Der Iran ist gefährlich
- Markus
- Aug 27, 2018
- 9 min read
Updated: Oct 19, 2021

Vor diesem Land wurde ich am meisten gewarnt. Es sei gefährlich. Ich kann jetzt sagen, sie hatten Recht. Aber wohl in einer ganz anderen Weise wie sie eigentlich dachten. Von der Regierung bekomme ich nichts mit. Von den Mullah sehe ich nur die Fotos überall und höre die Beschwerden der Leute. Der Rechte auf dem Foto ist der verstorbene, der die islamische Revolution vor vielen Jahren angeführt hat, der Linke sein von ihm bestimmter Nachfolger. Es gibt wenig Fernsehen. So anders wie in der Türkei, wo aus jeder Röhre der Drohkulissen-schaffende Erdogan brüllt. Attentate gibt es nicht. Die Menschen sind wundervoll herzlich. Ich fühle mich wirklich sicher. Nein, was hier wirklich gefährlich ist, ist der Straßenverkehr. Der Liter Benzin kostet 26 Cent. Iran ist Auto. Vor jedem Ort reiht sich Autowerkstatt an Autowerkstatt. Die Straßen sind brechend voll. Es rußt. Der Großteil der Autos und LKWs stammt aus einer Zeit vor unserer Zeit.

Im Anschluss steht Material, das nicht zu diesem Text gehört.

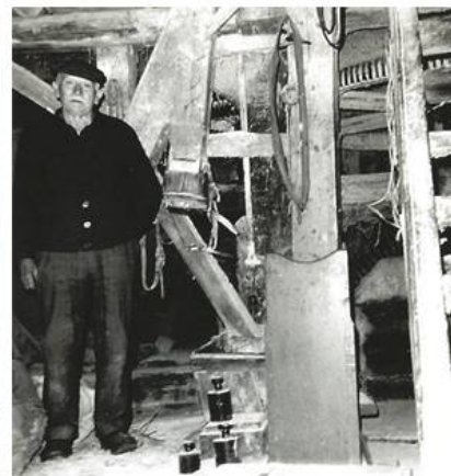
Der letzte Müller um 1950
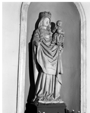
Vue de trois-quarts IVR26_20017100802X
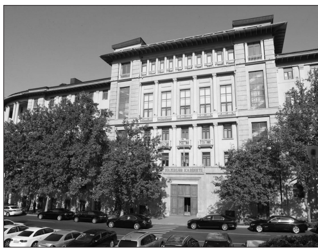
Azərbaycanda 50 yeni koronavirus infeksiyasına yoluxma faktı qeydə alınıb, 39
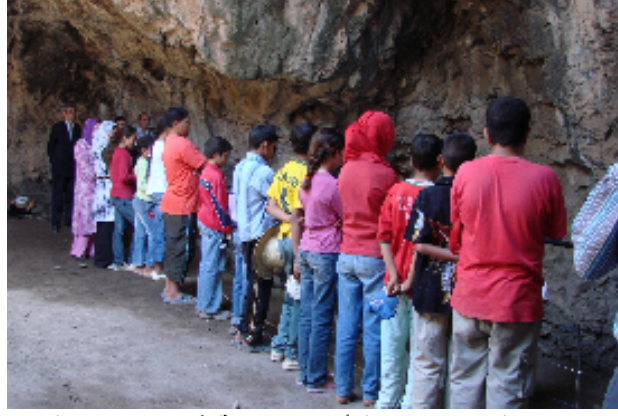
صورة رقم ١٣ تلاميذ أبناء المنطقة في زيارة للموقع
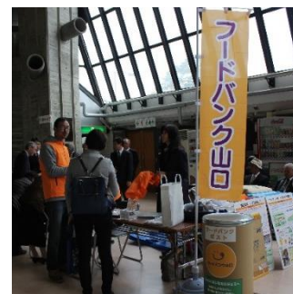
会場内の様子（フードドライブ）
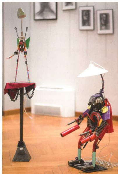
Les sculptures robotiques de Gilles Bellagamba

En complément de ces artistes, le Centre d'Enseignement de la Maison d'Arrêt d'Epinal a eu le privilège d'exposer trois de ses travaux, sur invitation du Festival, au côté de la quarantaine d'oeuvres présentes sur place.
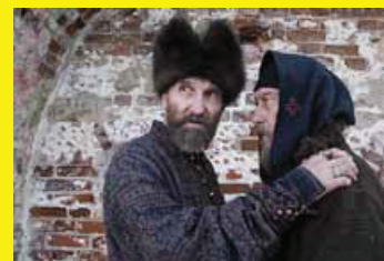
CINÉMA RUSSE DES ANNÉES 2000 avec Tsar de Pavel Lounguine PAGE 20
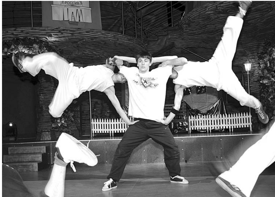
Элементы брейк-данса сродни цирковым кульбитам.

альной битвы была дружелюбной и радостной. Выступления каждого коллектива сопровождались овациями, а самые активные зрители пускались в пляс.
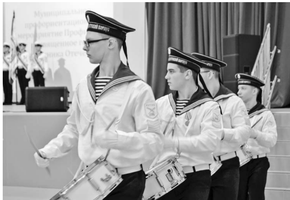
Барабанщики из Североморского кадетского корпуса буквально «оглушили» гостей своим мастерством.
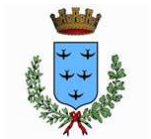
Comune di Aprilia
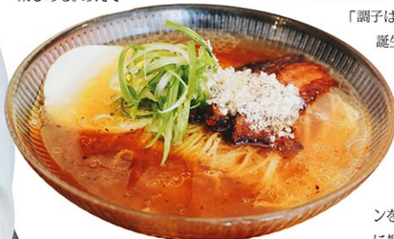
「ベーコン・フライド・エッグ & チーズ・ラーメン」 だしのコク深さにチーズや卵のまろやかさが絡み合う

「調子はどう？」「今週お誕生日でしょ？おめでとう！」「前にも来てくれたたよね？、また会えてとてうれしいわ」 「大好きなラーメンを自分で作り、友達に振る舞っていたのが始まりだったので、
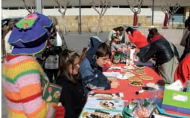
Talleres en la calle con motivo del 4 de febrero.
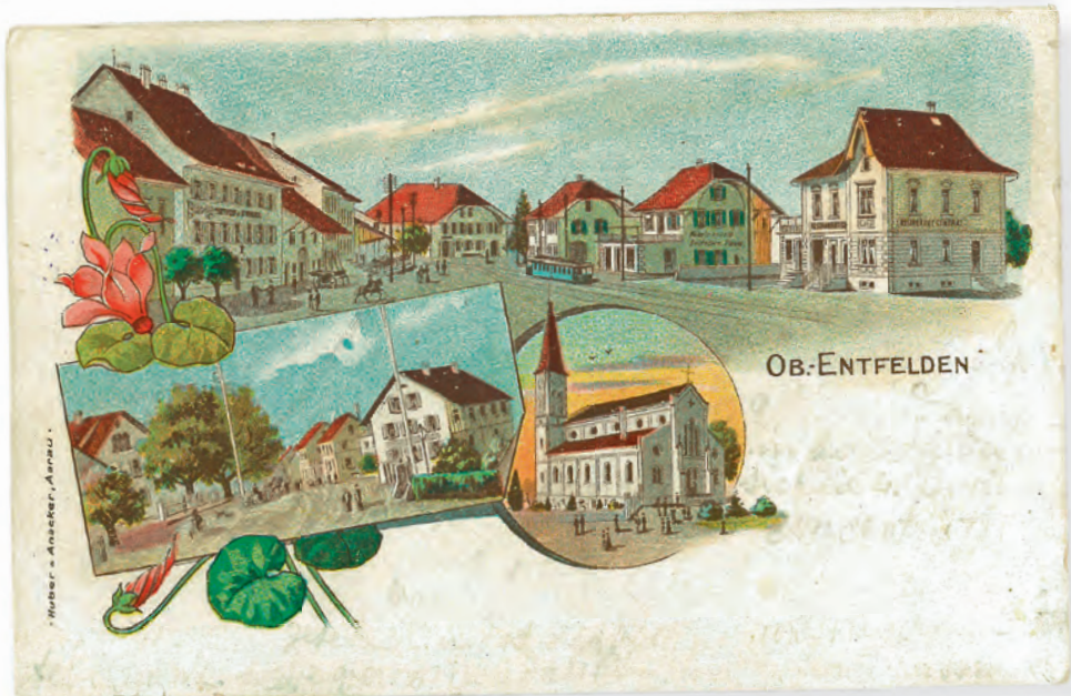
Oberentfelden um 1902
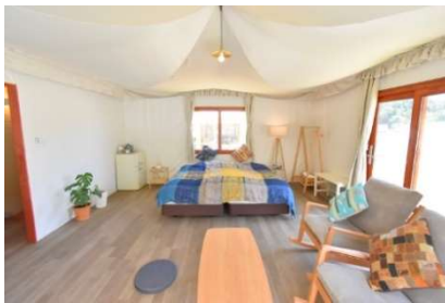
スクエアテント/洋室 (2~4 名)
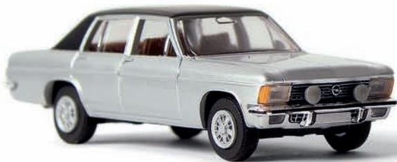
v 20715 Opel Diplomat B mit Ronalfelgen, silber/schwarz, TD

Die Spitzenmodelle der von 1969–1977 gebauten Opel KAD-Baureihe hörten auf den Namen „Diplomat“. Während er sich bis 1976 durch senkrechte Scheinwerfer von seinen Brüdern „Kapitän“ und „Admiral“ absetzte, erhielt er im letzten Baujahr noch ein Facelifting, dessen Merkmale die quer liegenden Scheinwerfer, die serienmäßige Metallic-Lackierung, das schwarze Vinyl Dach und die chicen Ronal-Felgen waren. Insgesamt wurden 61.000 Fahrzeuge der gesamten KAD-Baureihe gebaut!

Wenn ich mir überlege was man bei uns für ein Drama macht mit Abgaswerten, die kein Konzern ohne zu bescheißen wirtschaftlich erreichen kann, erscheint mir das alles wie ein Witz. Wenn man wirklich was reißen wollte, müsste man zusammen Lösungen finden. Aber dafür bleibt keine Zeit während man sich die Köpfe einschlägt weil man andere Vorstellungen vom Freund im Himmel oder von Ländern und Grenzen hat. Ich bin da ganz bei John Lennon "Imagine theres no Countries". Naja, die Straßen sind jedenfalls unglaublich voll. Verkehrsregeln sind grobe Anhaltspunkte und oft noch nicht mal das. Dass diese Sache mit dem Fahrrad keiner versteht ist mir ja in der Osttürkei schon langsam aufgefallen. Da werden 80 km mit 2 Stunden geschätzt und ich im Verkehr wie ein Auto behandelt. Samt Abdrängen, Ausbremsen, Anhupen und mit hoher Geschwindigkeit an mir vorbei fahren.
Ich möchte hier lebend wieder raus

Mir kommt ein LKW entgegen. Obwohl er mich kommen sieht schert er aus und überholt den LKW vor ihm. Mit ca 100 kmh kommt er mir direkt entgegen und fährt gefühlt 1m an mir vorbei. Mit aller Kraft stemme ich mich gegen den Sog und lande letztlich im Graben. Eine andere Situation. Ein LKW kommt mir mit hohem Tempo entgegen. Er kommt mit den Reifen auf das Bankett. Der Anhänger rutscht komplett von der Straße und räumt mehrere Bäume, Pfeiler und ein Motorrad ab. Dann pendelt er zurück und schwingt direkt auf mich zu. Ich springe vom Rad und mache mich bereit in den Graben zu springen. Im letzten Moment bekommt der Anhänger wieder Halt und reiht sich hinter die Zugmaschine. Ok, danke.
Die Kaspische See

Ich dachte aufgrund der Größe immer es wäre ein Meer. Nun, der größte See der Erde befindet sich 8m unterhalb des Meeresspiegels. Da er keinen Ablauf aber diverse Zuläufe hat kann das Wasser nur über Verdunstung fliehen. Der See wird dadurch langsam immer salziger. Interessanterweise befinden sich jedoch noch immer ausschließlich Süßwasserfische darin. Ob sie auf Dauer hier tatsächlich überleben können? Ich vermute aber, dass weniger das Salz als viel mehr der ganze menschengemachte Dreck und Müll das Überleben der Fische bedroht. Wenn ich sehe was die Flüsse alles hereintragen vergeht mir jeder bisherige Wunsch darin zu baden. Ich fahre die Küstenstraße auf dem „Standstreifen“ neben der Fahrbahn entlang. Nunja, dieser Streifen hat es in sich. Er ist gleichzeitig ein weiterer Fahrstreifen, Parkplatz, Haltestelle, Bazar, Schlafplatz, Werkstatt, ein weiterer Fahrstreifen in Gegenrichtung, usw. Ich nenne ihn Gazastreifen.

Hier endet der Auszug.